First set the project and zone through gcloud config or xpk arguments.

PROJECT_ID=my-project-id
ZONE=us-east5-b
# gcloud config:
gcloud config set project $PROJECT_ID
gcloud config set compute/zone $ZONE
# xpk arguments
xpk .. --zone $ZONE --project $PROJECT_ID

The cluster created is a regional cluster to enable the GKE control plane across all zones.

  • Cluster Create (provision reserved capacity):

    # Find your reservations
    gcloud compute reservations list --project=$PROJECT_ID
    # Run cluster create with reservation.
    xpk cluster create \
    --cluster xpk-test --tpu-type=v5litepod-256 \
    --num-slices=2 \
    --reservation=$RESERVATION_ID
  • Cluster Create (provision on-demand capacity):

    xpk cluster create \
    --cluster xpk-test --tpu-type=v5litepod-16 \
    --num-slices=4 --on-demand
  • Cluster Create (provision spot / preemptible capacity):

    xpk cluster create \
    --cluster xpk-test --tpu-type=v5litepod-16 \
    --num-slices=4 --spot
  • Cluster Create (DWS flex queued capacity):

        xpk cluster create \
        --cluster xpk-test --tpu-type=v5litepod-16 \
        --num-slices=4 --flex
  • Cluster Create with CPU and/or memory quota:

    xpk cluster create \
    --cluster xpk-test --tpu-type=v5litepod-16 \
    --cpu-limit=112 --memory-limit=192Gi \
    --on-demand
  • Cluster Create for Pathways: Pathways compatible cluster can be created using cluster create-pathways.

    xpk cluster create-pathways \
    --cluster xpk-pw-test \
    --num-slices=4 --on-demand \
    --tpu-type=v5litepod-16

    Note that Pathways clusters need a CPU nodepool of n2-standard-64 or higher.

  • Cluster Create for Ray: A cluster with KubeRay enabled and a RayCluster can be created using cluster create-ray.

    xpk cluster create-ray \
    --cluster xpk-rc-test \
    --ray-version=2.39.0 \
    --num-slices=4 --on-demand \
    --tpu-type=v5litepod-8
  • Cluster Create can be called again with the same --cluster name to modify the number of slices or retry failed steps.

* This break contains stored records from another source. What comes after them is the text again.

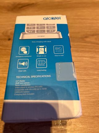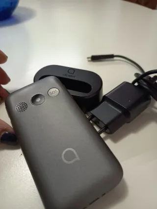 Telefono mobile Alcatel con un design semplice e funzionale. Include base caricatore e caricatore. Ha fotocamera, bluetooth, radio, calcolatrice, ecc. Ideale per gli anziani, dice a voce i numeri che si stanno componendo. Ha anche la connessione per gli auricolari per ascoltare la radio e le chiamate. Colore nero e bianco. Include base di carica.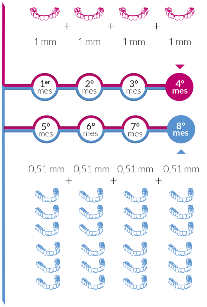 El bracket virtual estampado en la cofia, permite una efectividad inédita, al nivel de un bracket.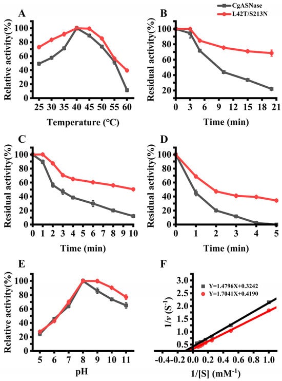 3.3. Enzymatic Characteristics of the Wild-Type CgASNase and Its Mutant Enzymes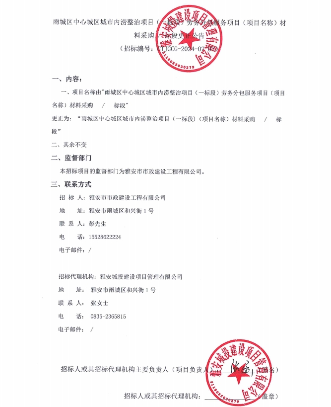 雨城區(qū)中心城區(qū)城市內(nèi)澇整治項目(一標段)勞務分包服務項目(項目名稱)材料采購/標段更正公告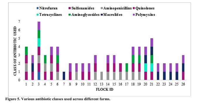 The number of antibiotic classes used in flocks ranged from 2-7 with highest observed diversity in flock 3 and flock 21, each receiving antibiotics from 7 and 5 different classes, respectively, including polymyxins, sulfonamide, tetracyclines, macrolides and quinolones. Notably, polymyxins (e.g., colistin) were commonly used in several (76.92%) flocks, despite their classification as a last resort antibiotic for prophylaxis and treatment of flocks.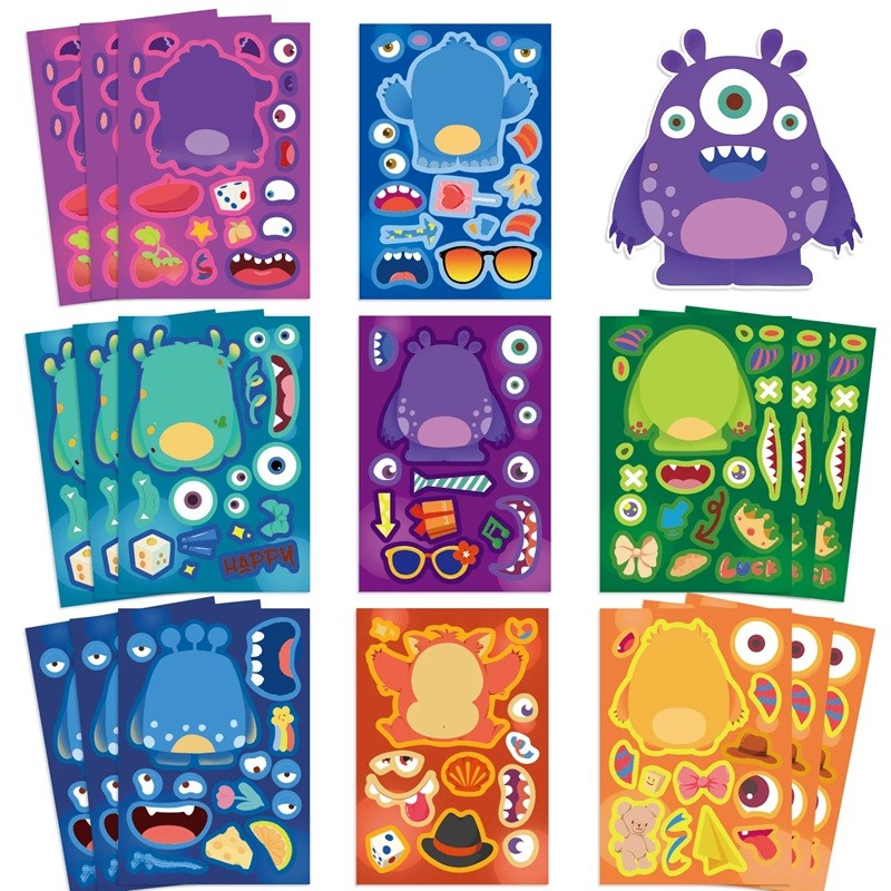 24 tarra-arkkia Pienet hirviöt 11 × 16 cm PVC vedenkestäviä tarroja Tee itse Luo kasvoja Hauskoja tarroja lapsille

    For example, if a user creates a cluster with 4 slices:

    xpk cluster create \
    --cluster xpk-test --tpu-type=v5litepod-16 \
    --num-slices=4  --reservation=$RESERVATION_ID

    and recreates the cluster with 8 slices. The command will rerun to create 4 new slices:

    xpk cluster create \
    --cluster xpk-test --tpu-type=v5litepod-16 \
    --num-slices=8  --reservation=$RESERVATION_ID

    and recreates the cluster with 6 slices. The command will rerun to delete 2 slices. The command will warn the user when deleting slices. Use --force to skip prompts.

    xpk cluster create \
    --cluster xpk-test --tpu-type=v5litepod-16 \
    --num-slices=6  --reservation=$RESERVATION_ID
    
    # Skip delete prompts using --force.
    
    xpk cluster create --force \
    --cluster xpk-test --tpu-type=v5litepod-16 \
    --num-slices=6  --reservation=$RESERVATION_ID

    and recreates the cluster with 4 slices of v4-8. The command will rerun to delete 6 slices of v5litepod-16 and create 4 slices of v4-8. The command will warn the user when deleting slices. Use --force to skip prompts.

    xpk cluster create \
    --cluster xpk-test --tpu-type=v4-8 \
    --num-slices=4  --reservation=$RESERVATION_ID
    
    # Skip delete prompts using --force.
    
    xpk cluster create --force \
    --cluster xpk-test --tpu-type=v4-8 \
    --num-slices=4  --reservation=$RESERVATION_ID

Create Private Cluster

XPK allows you to create a private GKE cluster for enhanced security. In a private cluster, nodes and pods are isolated from the public internet, providing an additional layer of protection for your workloads.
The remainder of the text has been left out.